Сергей Говорухин
Христа ради
Казалось, линия сердца на этой ладони была предназначена только для того, чтобы сейчас в нее тусклым боком лег первый гривенник и,
перевернувшись «решкой» вверх, обнаружил дату чеканки.
«1987» было выбито на монете, и Наталья Васильевна подумала, что в этот год ничего не случилось в ее жизни, как не случилось и в следующий, и теперь уже
точно не случится.
За гривенником легли пятак, двугривенный, еще мелочь, и каждая новая монета, расплываясь в глазах, тяготила руку. Казалось, еще немного — она сорвется,
упадет, и тогда придется бежать отсюда, бежать куда глаза глядят, не слыша шума и окриков за спиной.
Но рука, чужая согнутая рука продолжала висеть, не ощущая гадкого стыда, охватившего все тело.

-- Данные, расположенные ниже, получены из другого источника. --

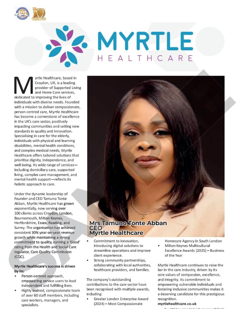 The listing was organised by Leaders Without Borders Development Centre UK which also recognised Myrtle Healthcare for pioneering one of the best privately owned Healthcare Companies in the UK while also utilising innovative modern technologies and best practices in the healthcare sector.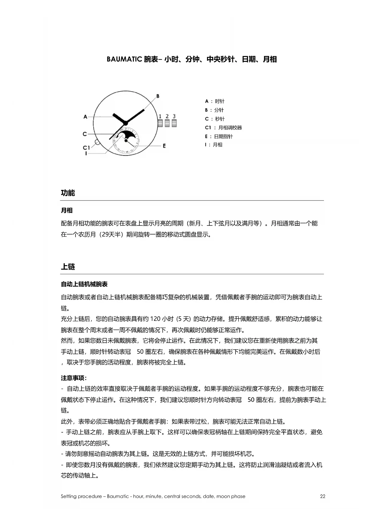 - 请勿刻意摇动自动腕表为其上链。这是无效的上链方式,并可能损坏机芯。 - 即使您数月没有佩戴的腕表,我们依然建议您定期手动为其上链。这将防止润滑油凝结或者流入机 芯的传动轴上。Setting procedure – Baumatic - hour, minute, central seconds, date, moon phase 23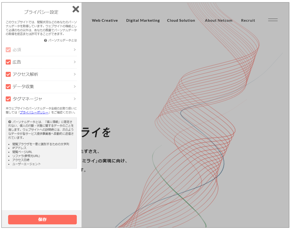 弊社NRIネットコムのコーポレートサイトでもプライバシー設定を導入しています。
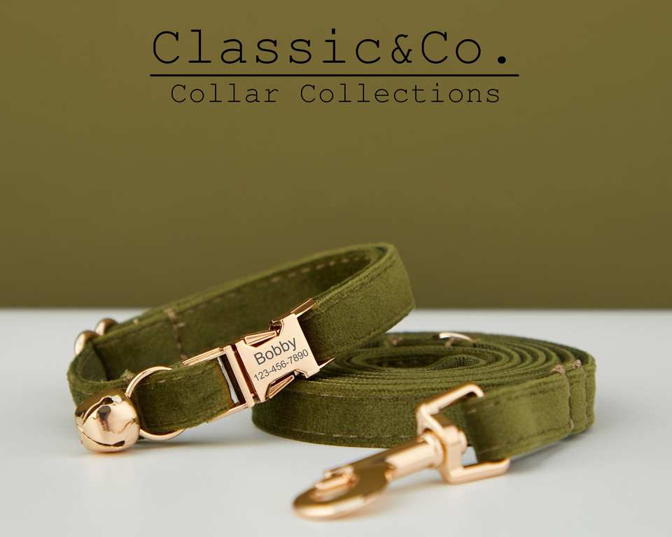 Militarygreen Veet Personalized Cat & Small Dog Collar Bow Tie Leash Set,Free Engraved Kitten Puppy Name Tag,Gold Bell,Pet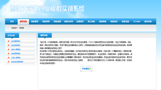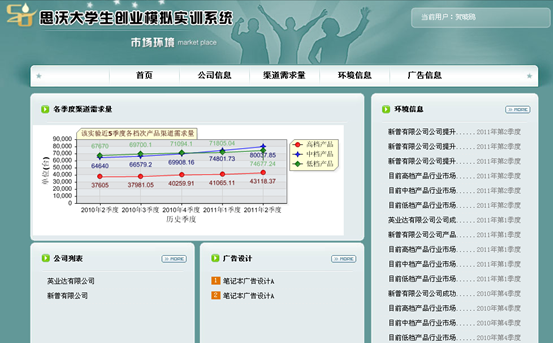 思(si)沃(wo)大(da)學(xue)(xue)生(sheng)(sheng)創(chuang)(chuang)(chuang)(chuang)(chuang)業(ye)(ye)(ye)(ye)模(mo)(mo)擬(ni)實(shi)訓平臺系(xi)統從大(da)學(xue)(xue)生(sheng)(sheng)創(chuang)(chuang)(chuang)(chuang)(chuang)業(ye)(ye)(ye)(ye)的(de)(de)(de)現(xian)(xian)狀分析,將創(chuang)(chuang)(chuang)(chuang)(chuang)業(ye)(ye)(ye)(ye)教(jiao)育(yu)的(de)(de)(de)內(nei)容(rong)以(yi)及因素(su)滲透在(zai)專業(ye)(ye)(ye)(ye)實(shi)踐教(jiao)學(xue)(xue)中(zhong),并根據創(chuang)(chuang)(chuang)(chuang)(chuang)業(ye)(ye)(ye)(ye)教(jiao)育(yu)的(de)(de)(de)目(mu)標及內(nei)容(rong)設置較完(wan)善(shan)的(de)(de)(de)創(chuang)(chuang)(chuang)(chuang)(chuang)業(ye)(ye)(ye)(ye)實(shi)踐體系(xi)。軟件模(mo)(mo)擬(ni)交(jiao)互思(si)想,采(cai)用(yong)國際先(xian)進的(de)(de)(de)計算機(ji)仿真技術,仿真模(mo)(mo)擬(ni)虛擬(ni)市(shi)場環境、市(shi)場調查以(yi)及整(zheng)個市(shi)場競爭(zheng)結(jie)構。學(xue)(xue)生(sheng)(sheng)通(tong)過(guo)軟件學(xue)(xue)習創(chuang)(chuang)(chuang)(chuang)(chuang)業(ye)(ye)(ye)(ye)心理學(xue)(xue)、創(chuang)(chuang)(chuang)(chuang)(chuang)業(ye)(ye)(ye)(ye)講(jiang)堂(tang)、網上創(chuang)(chuang)(chuang)(chuang)(chuang)業(ye)(ye)(ye)(ye)、創(chuang)(chuang)(chuang)(chuang)(chuang)業(ye)(ye)(ye)(ye)準備(bei)等(deng)創(chuang)(chuang)(chuang)(chuang)(chuang)業(ye)(ye)(ye)(ye)知識,撰寫一份創(chuang)(chuang)(chuang)(chuang)(chuang)業(ye)(ye)(ye)(ye)計劃書,投入(ru)到創(chuang)(chuang)(chuang)(chuang)(chuang)業(ye)(ye)(ye)(ye)實(shi)戰中(zhong)。創(chuang)(chuang)(chuang)(chuang)(chuang)業(ye)(ye)(ye)(ye)實(shi)戰分為公司(si)(si)注冊(ce)(ce)和(he)實(shi)戰運營。公司(si)(si)注冊(ce)(ce)采(cai)用(yong)Flash動(dong)畫模(mo)(mo)式,模(mo)(mo)擬(ni)公司(si)(si)注冊(ce)(ce)的(de)(de)(de)整(zheng)個流(liu)程。實(shi)戰運營是(shi)整(zheng)個系(xi)統的(de)(de)(de)主(zhu)體,將全國分為七(qi)個區(qu)(qu)(qu)域:東北地(di)區(qu)(qu)(qu)、華北地(di)區(qu)(qu)(qu)、西北地(di)區(qu)(qu)(qu)、華東地(di)區(qu)(qu)(qu)、西南(nan)(nan)地(di)區(qu)(qu)(qu)、華中(zhong)地(di)區(qu)(qu)(qu)、華南(nan)(nan)地(di)區(qu)(qu)(qu)。系(xi)統模(mo)(mo)擬(ni)公司(si)(si)內(nei)部與外在(zai)市(shi)場之間的(de)(de)(de)矛盾,創(chuang)(chuang)(chuang)(chuang)(chuang)業(ye)(ye)(ye)(ye)者通(tong)過(guo)各(ge)種調查、決(jue)策解決(jue)企業(ye)(ye)(ye)(ye)市(shi)場運營過(guo)程中(zhong)可能遇(yu)到的(de)(de)(de)各(ge)種情況。在(zai)區(qu)(qu)(qu)域需求(qiu)飽和(he)后擴大(da)市(shi)場,對其中(zhong)出(chu)現(xian)(xian)的(de)(de)(de)問題和(he)運營結(jie)果進行分析與評估,培養(yang)大(da)學(xue)(xue)生(sheng)(sheng)正確的(de)(de)(de)人(ren)生(sheng)(sheng)觀(guan)、價(jia)值觀(guan)、就業(ye)(ye)(ye)(ye)觀(guan),提高大(da)學(xue)(xue)生(sheng)(sheng)勇于(yu)創(chuang)(chuang)(chuang)(chuang)(chuang)業(ye)(ye)(ye)(ye)的(de)(de)(de)精神,讓大(da)學(xue)(xue)生(sheng)(sheng)有(you)良好的(de)(de)(de)創(chuang)(chuang)(chuang)(chuang)(chuang)業(ye)(ye)(ye)(ye)意(yi)識,增強大(da)學(xue)(xue)生(sheng)(sheng)自主(zhu)創(chuang)(chuang)(chuang)(chuang)(chuang)業(ye)(ye)(ye)(ye)能力。

Подавали часто. Попадались и бумажки и, наверное, сумма давно превысила ту, которая была нужна Наталье Васильевне, а она все стояла, словно прибитая к этой
стене раскаленными гвоздями, и лишь в редкие мгновения пыталась увидеть себя со стороны.
На ней было ношенное драповое пальто с тремя разными пуговицами, ботики-«прощайки» на металлической застежке, грубые коричневые чулки и вылинявший платок
из тех, которыми на Руси покрыты головы всех старух. Но в ее одежде не было ничего нарочитого, подобранного именно к этому дню — на ней было все, что у нее
было.
Пальто покупал еще Толя в восемьдесят шестом году. Он вошел вечером удивительно тихий и торжественный, поставил на стол коробку, бутылку коньяка и большой,
туго перевязанный сверток.
— Вот, Наталья Васильевна, — сказал он, потирая ладони, — прибарахлился, костюмчик купил.

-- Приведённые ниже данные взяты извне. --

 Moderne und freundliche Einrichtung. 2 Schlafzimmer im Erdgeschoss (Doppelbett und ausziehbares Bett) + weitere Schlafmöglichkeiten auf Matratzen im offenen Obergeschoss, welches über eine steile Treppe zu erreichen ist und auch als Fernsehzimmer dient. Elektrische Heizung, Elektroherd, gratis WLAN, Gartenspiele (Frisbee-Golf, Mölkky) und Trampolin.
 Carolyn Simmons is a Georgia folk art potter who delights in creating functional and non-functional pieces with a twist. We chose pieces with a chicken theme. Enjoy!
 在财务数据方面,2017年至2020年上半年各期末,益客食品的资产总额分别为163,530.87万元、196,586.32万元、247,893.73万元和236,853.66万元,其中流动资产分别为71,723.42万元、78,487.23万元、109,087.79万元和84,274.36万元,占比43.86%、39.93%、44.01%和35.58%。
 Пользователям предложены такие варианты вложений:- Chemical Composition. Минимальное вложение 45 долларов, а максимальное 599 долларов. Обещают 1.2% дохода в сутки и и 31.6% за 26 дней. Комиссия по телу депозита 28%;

Наталья Васильевна вздохнула. Костюм у Толи был, даже два и довольно приличных. А вот зимнее необходимо было новое — и ей, и ему.

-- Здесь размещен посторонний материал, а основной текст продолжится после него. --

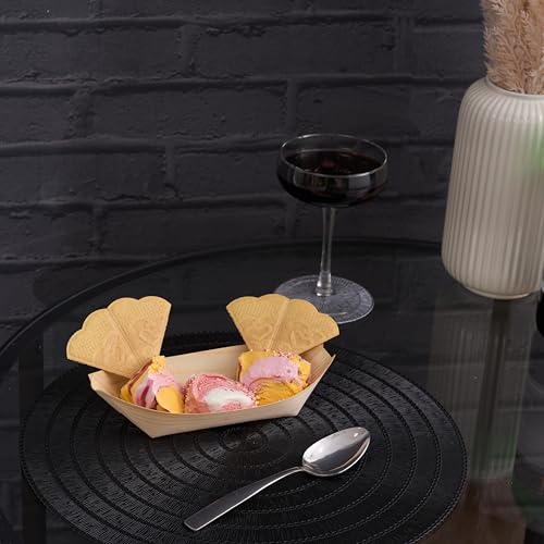 Brand Name: MATANA | Color: Natural | Finish Types: Polished | Is the item dishwasher safe?: No | Is the item microwaveable?: No | Item Dimensions L x W x Thickness: 22"L x 11"W x 4.5"Th | Item Type Name: Snack Bowl | Item Weight: 7 Grams | Manufacturer: MATANA | Manufacturer Part Number: S0719 | Material Features: Biodegradable | Material Type: Bamboo | Model Number: S0719 | Number of Pieces: 100 | Occasion Type: Birthday, Buffet, Party, Picnic, Wedding | Other Special Features of the Product: Biodegradable, Compostable, Reyclable | Pattern: Solid | Product Care Instructions: Dispose in a composting facility if available, or regular household waste. | Recommended Uses For Product: Appetizer, Hot Dog, Sandwich, Snack, Sushi | Reusability: Disposable | Seasons: All Seasons | Shape: Oval | Size: 100 pack | Style Name: Rustic | Unit Count: 100.0 Count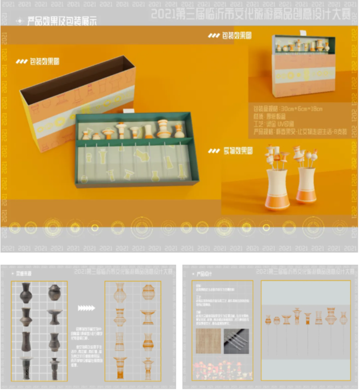 本次大赛由山东省旅游推广中心、临沂市文化和旅游局、临沂市广播电视台主办,临沂市博物馆、临沂市文化旅游发展促进中心、临沂文化旅游发展集团有限公司、融创北京区域集团青岛公司承办。大赛于2021年5月启动,历时三个月,吸引了全国各大高校、设计公司及设计爱好者的踊跃参与,共收到来自北京、江苏、山东、台湾、吉林、福建、河南等地投稿的设计类作品768件/套,实物类作品201件/套。作品种类涵盖家居生活用品、办公文化用品、工艺美术品、食品、娱乐旅游用品、生活装饰用品等多个领域。大赛评审结合文化性、创新性、市场性、审美性、实用性五个方面评审标准进行,在注重设计作品创意的同时,更加强调产品转化的可操作性。

— Безалаберный ты, Толя, человек, — сказала она и в то же время подумала, что если бы Толя был другим, вряд ли они прожили вместе такую долгую жизнь. —
Безответственный. Хороший хоть костюм?
— Мировой, — счастливо улыбался Анатолий Сергеевич.
— Ну, уж примерь тогда...
— Ты собери на стол, Наташка, обмоем это дело.
Разогревая ужин, она представляла нечто ужасное, на два размера больше, что непременно придется перешивать, а машинка стала плохо пробивать и нужно искать
мастера и, бог его знает, есть ли они вообще на свете — эти мастера.
— Надули, сукины дети! — воскликнул Анатолий Сергеевич, входя на кухню. — Ты представляешь, пальто... женское... — Он держал на руках новенькое, пахнувшее
фабрикой, зимнее пальто.
— Померь. Вдруг тебе подойдет...
Наталья Васильевна улыбнулась.
— Толька! — она провела ладонью по его щеке, прижалась, благодарно ткнулась губами в подбородок. — Жуткий тип.
Они и в старости сохранили чистоту отношений и, оставаясь наедине, вели себя также, как много лет назад, когда были молоды и счастливы.
Они выпили по рюмочке, даже по второй и только тогда развязали коробку.
В коробке, как отблеск роскошной жизни, облитый шоколадом, лежал торт «Прага».
— Как я люблю «Прагу», — говорила Наталья Васильевна, — тысячу лет не пробовала. Милый мой, Толечка.
За столом она сидела в пальто, наотрез отказавшись раздеться. Осторожно надкусывала от торта и полузабытое коньячное тепло блаженно растворялось внутри.
Это была та желанная, труднодоступная, счастливая минута с ее невзрачными радостями, ради которой жили они с Анатолием Сергеевичем, ради которой живет и
выживает почти все человечество.
Время от времени Наталья Васильевна покачивала головой и озабоченно говорила:
— А что же ты, Толечка. Ведь и тебе пальто необходимо.
Анатолий Сергеевич смущенно улыбался.
— Жизнь, Наташка, не завтра кончится. А до зимы еще — ого-то!
Умер Анатолий Сергеевич осенью.
В первом вагоне метро.
На кольцевой линии он всегда садился в первый вагон. По странной закономерности именно в первом вагоне было пусто и, садясь на свободное место, Анатолий
Сергеевич не испытывал того чувства неловкости, которое испытывал в переполненных вагонах, где ему иногда уступали.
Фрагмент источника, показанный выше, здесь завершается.